The Resilience Theater did, unavoidably, reveal limitations. The orchestra’s location at the rear of the stage put it at a disadvantage. Even from the front row, the playing was always audible but dulled in sonic impact. In front of the bleacher seats it sounded dimmer still. During the most delicate moments–such as the preludes to Acts 1 and 3–the whirring of the center’s air-conditioning system competed with the orchestra and the voices. But the singers, thanks to their advantageous position onstage, carried better into the bleachers. 

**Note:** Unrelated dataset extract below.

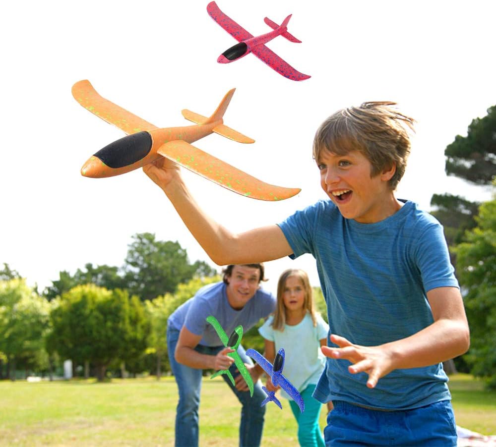 ✈ For All Age -- 4 Pack glider planes toy in the combination, good ways to build social relationships for kids, they are with 3 flight modes, suitable for flying competition. not only for kids, whole family can enjoy the happy hours. Perfect dual flight mode foam plane toy for boys and girls, kids birthday party favor, outdoor sport toys games, get your kids out of couch, good for their health, GIFT for ages 3 4 5 6 7 8 and up Years Old Boy.

Another sacrifice: Because of the stage’s limited size and equipment, HGO had to do away with most of Riccardo Hernandez’s sets. Aside from a few ornate chairs and tables, the inclined platform on which the action played out was all that remained. So it was up to the cast to create the atmosphere. With Shagimuratova and Petean at the center of the vivid storytelling, everything that mattered came across vividly.

La Traviata runs through November 11 at the Resilience Theater in the George R. Brown Convention Center. houstongrandopera.org; 713-228-6737.